Stored data entries
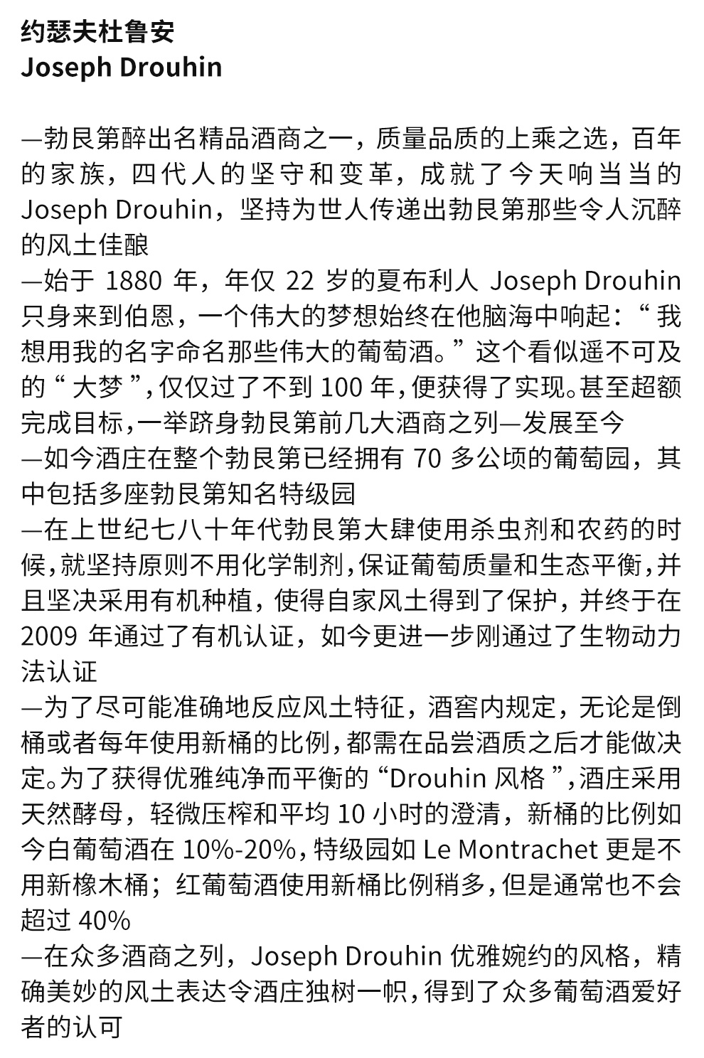 散发出红樱桃、花香、柑橘皮及乳脂般的新橡木香气。酒体中等至饱满,丰富且有层次感,果味核心提供了多汁的口感,单宁结构精细。
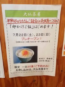 NPO法人 大佛三郎 2017/07/19 【イベント情報】「だいぶつ朝食堂」プレオープン(7/22・23) ★詳しい情報はこちら★【7/22,23プレオープン】だいぶつ朝食堂(Facebookイベントページ)高岡大仏からすぐ近くにある「たかおか大仏茶屋」にて、卵かけご飯朝食を始めます。というわけで、今週末の7月22日(土)と23日(日)、プレオープンいたします!!ご提供するのは、「仁光園」「前崎養鶏」「ひかりがま農園」さんが生産する卵を使った「卵かけご飯」となります。そのほかにも、庄川の伏流水を使い、昆布や鰹で丁寧にだしをとったお味噌汁や地元農家さんの漬物が付きます!ぜひ、高岡の地元素材を使った、こだわりの逸品をご賞味ください。一日のはじまりは、一杯のたまごかけご飯から。皆様のご来店お待ちしております。だいぶつ朝食堂 プレオープン営業日:2017年7月22日(土)・23日(日)営業時間:朝6時30分~9時(ラストオーダー8時30分) ※ご都合の良い時間帯にお越し願います。販売食数:1日限定20食 ※要予約・食数に限りがございますので、事前予約制をとらせていただいております。・ご来店いただけるお客様は、お手数ですが、Facebookページに参加表明いただきますようお願いいたします。価格:500円(税込) たまごかけご飯、味噌汁、漬物付駐車場:大仏茶屋の駐車場には限りがありますので、御旅屋市営駐車場をご利用ください(入庫から1時間無料となります)。たかおか大仏茶屋の地図(Googleマップ) http://kirittotakaoka.ria10.com/saburou/201707192000【イベント情報】「だいぶつ朝食堂」プレオープン(7/22・23)
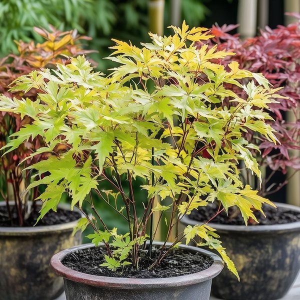 Winterharter Japanischer Ahorn mit bunten Blättern kann den Garten oder die Terrasse schön gestalten
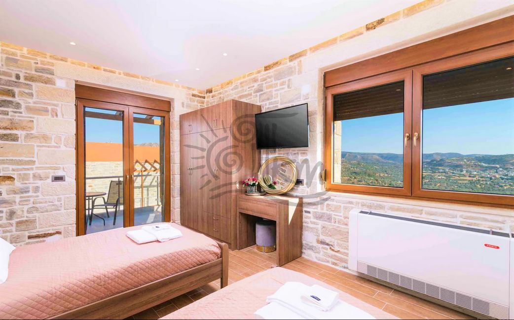 Ираклион, Камилари. Продается роскошный комплекс из двух вилл общей площадью 323,36 кв. м с собственными бассейнами. В частности, резиденции располагаются на двух уровнях и предлагают панорамные виды. Первая вилла площадью 167,28 кв. м включает первый этаж площадью 95,89 кв. м с гостиной и кухней открытой планировки, одной спальней и одной ванной комнатой. На верхнем этаже площадью 71,39 кв. м расположены две спальни, две ванные комнаты и большие веранды с уникальными видами. Вторая вилла площадью 156,08 кв. м состоит из первого этажа площадью 78,04 кв. м с гостиной и кухней открытой планировки и ванной комнатой, а на втором этаже такой же площади находятся две спальни, ванная комната и веранды. Как правило, обе резиденции сдаются полностью меблированными и оборудованными всей необходимой электротехникой, в них также установлены кондиционеры. На прилегающей к каждой вилле территории разбит прекрасный ландшафтный дизайн с газонами и разнообразными деревьями, а также имеется летняя кухня с традиционной дровяной печью и барбекю, а также мощеные дворики. Это прекрасная возможность для инвестиций, как для приобретения жилья, так и для туристической деятельности.
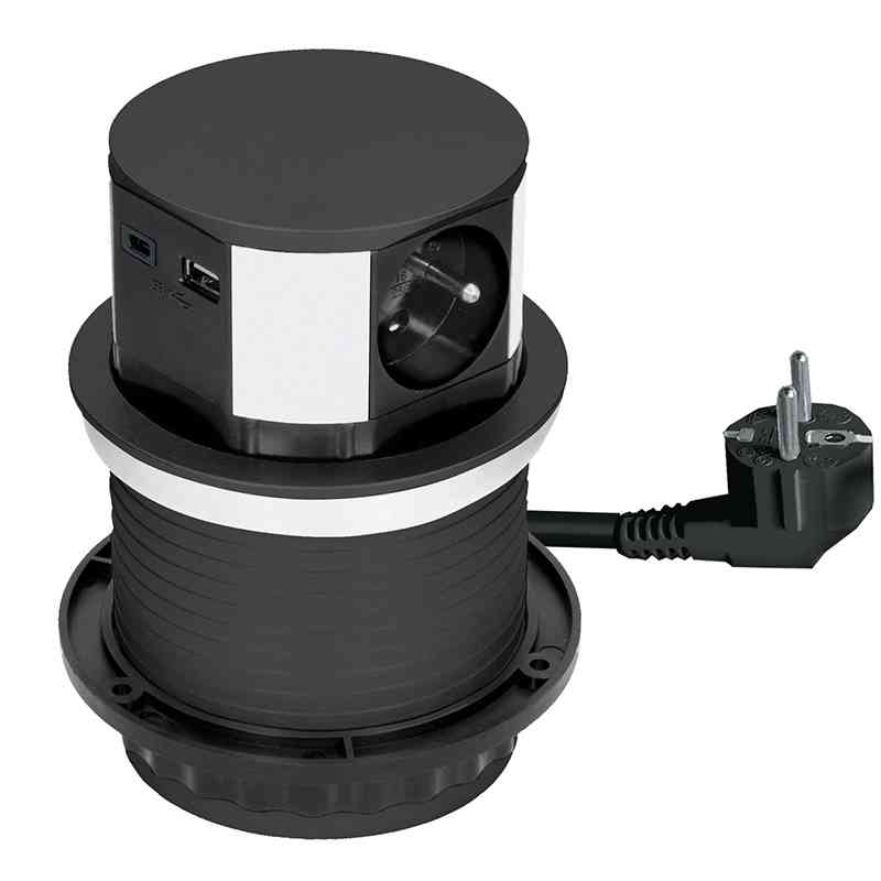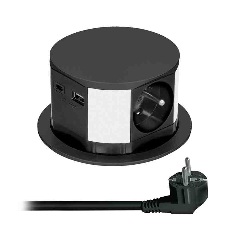 Solight 3z + USB A+C výsuvný blok zásuvek, 2m, černý *PP100USBC-B
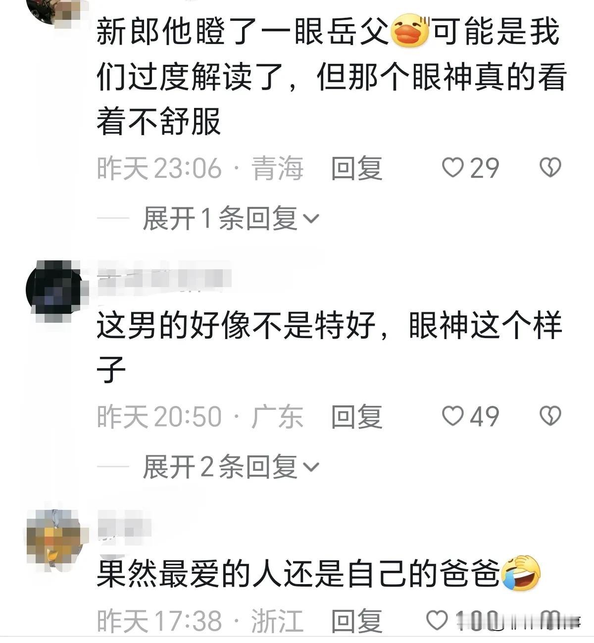 近日河南,婚礼现场父亲担心女儿冷,把自己的衣服脱下给女儿穿上,新郎看了岳父一眼。 网友:这个男人好像不是特好,眼神这个样子。 网友:果然最爱的人还是自己的爸爸。 新娘:爸妈没有不开心,是舍不得自己,回门的时候父母也都把男生当自己孩子。

**What you should do:** Please set down exactly the lines from the first line of the data above through the line with "Solight 3z +", both included, leaving out the pictures.

**Output of the task:**
 散发出红樱桃、花香、柑橘皮及乳脂般的新橡木香气。酒体中等至饱满,丰富且有层次感,果味核心提供了多汁的口感,单宁结构精细。
 NPO法人 大佛三郎 2017/07/19 【イベント情報】「だいぶつ朝食堂」プレオープン(7/22・23) ★詳しい情報はこちら★【7/22,23プレオープン】だいぶつ朝食堂(Facebookイベントページ)高岡大仏からすぐ近くにある「たかおか大仏茶屋」にて、卵かけご飯朝食を始めます。というわけで、今週末の7月22日(土)と23日(日)、プレオープンいたします!!ご提供するのは、「仁光園」「前崎養鶏」「ひかりがま農園」さんが生産する卵を使った「卵かけご飯」となります。そのほかにも、庄川の伏流水を使い、昆布や鰹で丁寧にだしをとったお味噌汁や地元農家さんの漬物が付きます!ぜひ、高岡の地元素材を使った、こだわりの逸品をご賞味ください。一日のはじまりは、一杯のたまごかけご飯から。皆様のご来店お待ちしております。だいぶつ朝食堂 プレオープン営業日:2017年7月22日(土)・23日(日)営業時間:朝6時30分~9時(ラストオーダー8時30分) ※ご都合の良い時間帯にお越し願います。販売食数:1日限定20食 ※要予約・食数に限りがございますので、事前予約制をとらせていただいております。・ご来店いただけるお客様は、お手数ですが、Facebookページに参加表明いただきますようお願いいたします。価格:500円(税込) たまごかけご飯、味噌汁、漬物付駐車場:大仏茶屋の駐車場には限りがありますので、御旅屋市営駐車場をご利用ください(入庫から1時間無料となります)。たかおか大仏茶屋の地図(Googleマップ) http://kirittotakaoka.ria10.com/saburou/201707192000【イベント情報】「だいぶつ朝食堂」プレオープン(7/22・23)
 Winterharter Japanischer Ahorn mit bunten Blättern kann den Garten oder die Terrasse schön gestalten
 Ираклион, Камилари. Продается роскошный комплекс из двух вилл общей площадью 323,36 кв. м с собственными бассейнами. В частности, резиденции располагаются на двух уровнях и предлагают панорамные виды. Первая вилла площадью 167,28 кв. м включает первый этаж площадью 95,89 кв. м с гостиной и кухней открытой планировки, одной спальней и одной ванной комнатой. На верхнем этаже площадью 71,39 кв. м расположены две спальни, две ванные комнаты и большие веранды с уникальными видами. Вторая вилла площадью 156,08 кв. м состоит из первого этажа площадью 78,04 кв. м с гостиной и кухней открытой планировки и ванной комнатой, а на втором этаже такой же площади находятся две спальни, ванная комната и веранды. Как правило, обе резиденции сдаются полностью меблированными и оборудованными всей необходимой электротехникой, в них также установлены кондиционеры. На прилегающей к каждой вилле территории разбит прекрасный ландшафтный дизайн с газонами и разнообразными деревьями, а также имеется летняя кухня с традиционной дровяной печью и барбекю, а также мощеные дворики. Это прекрасная возможность для инвестиций, как для приобретения жилья, так и для туристической деятельности.
 Solight 3z + USB A+C výsuvný blok zásuvek, 2m, černý *PP100USBC-B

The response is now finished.